Another important test is to determine whether prediction accuracy depends on the length of the disordered regions. With respect to disordered regions for water-soluble proteins, we noticed that the amino acid compositions of short regions of disorder (< 30 residues) differed significantly from the compositions of long regions of disorder (≥ 30 residues) 63. Because of these differences, we constructed a predictor, VSL2, to take into account this length-dependent difference in compositions. The VSL2 contains two predictors, one for trained on short segments and one trained on long segments, and this predictor also contains a meta-predictor that merges the outputs from the two predictors in an appropriate manner 41. Since VL3 and VLXT were trained on long regions of disorder only, VSL2 gives much more accurate results for predictions on short regions of disorder.
To test whether disordered regions of membrane proteins also show length-dependent prediction accuracies, we divided the disordered regions into short (< 30 residues) and long (≥ 30 residues) subgroups, and calculated their ROC curves (see supplemental material). From these data we repeated the subsequent analyses given above and thereby determined the areas under the curves, the breakeven threshold values, and the prediction accuracies estimated from the breakeven threshold values (Table 3). Generally, the prediction accuracies on long regions of disorder were better than the accuracies on short regions of disorder across all three datasets and for all three predictors. Also, the VSL2 predictor outperformed the other predictors for both short and long regions of disorder. Thus, while some of the finer details show some complexity, overall it appears as if the length-dependent trends observed for disorder prediction on TM proteins follows trends observed previously for disorder prediction on water-soluble proteins.

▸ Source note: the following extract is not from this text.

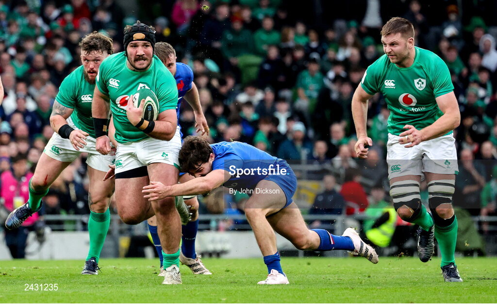 11 February 2023; Tom O’Toole of Ireland is tackled by Antoine Dupont of France during the Guinness Six Nations Rugby Championship match between Ireland and France at the Aviva Stadium in Dublin. Photo by John Dickson/Sportsfile

A significant fraction of water-soluble proteins display regions of disorder. This is even true for the proteins in the Protein Data Bank (PDB), which has a very strong bias for structured proteins 66. So the first question is whether membrane proteins also display regions of disorder in their crystal structures. Of course the studies supporting disorder in membrane proteins 6-9 suggest that membrane protein structures will indeed exhibit regions of missing electron density corresponding to disordered segments.
Altogether we collected 944 membrane protein structures. Proteins with > 25% sequence identity were removed, to give 207 non-redundant membrane proteins. Of these, 120 membrane proteins exhibited regions of missing electron density, giving 58% of the membrane proteins with regions of disorder. This fraction containing disorder is lower than the 68% observed for the crystal structures of water-soluble membrane proteins 67.
Figure 1 shows representative membrane protein structures with the disordered regions explicitly illustrated as red segments and loops. The disorder in these loops is evidenced by the difficulty in reaching convergence during the computational search as no single dominant structure for the loops was identified. Visualization of the top 25 conformers for the loops that are generated by the search algorithm revealed a diverse set of conformations with large pairwise root-mean-squared deviations (RMSDs) as illustrated in Figure 1. Such a result is consistent with suggestions that the energy landscapes for IDPs exhibit multiple, shallow minima rather than a single deep one 39. Since regions of disorder do not have specific coordinates, such regions are typically left out when protein 3D structures are displayed in journal articles and books. Maybe this omission is one of the reasons that disordered regions have been mostly ignored for so long when linkages between protein structure and function were discussed.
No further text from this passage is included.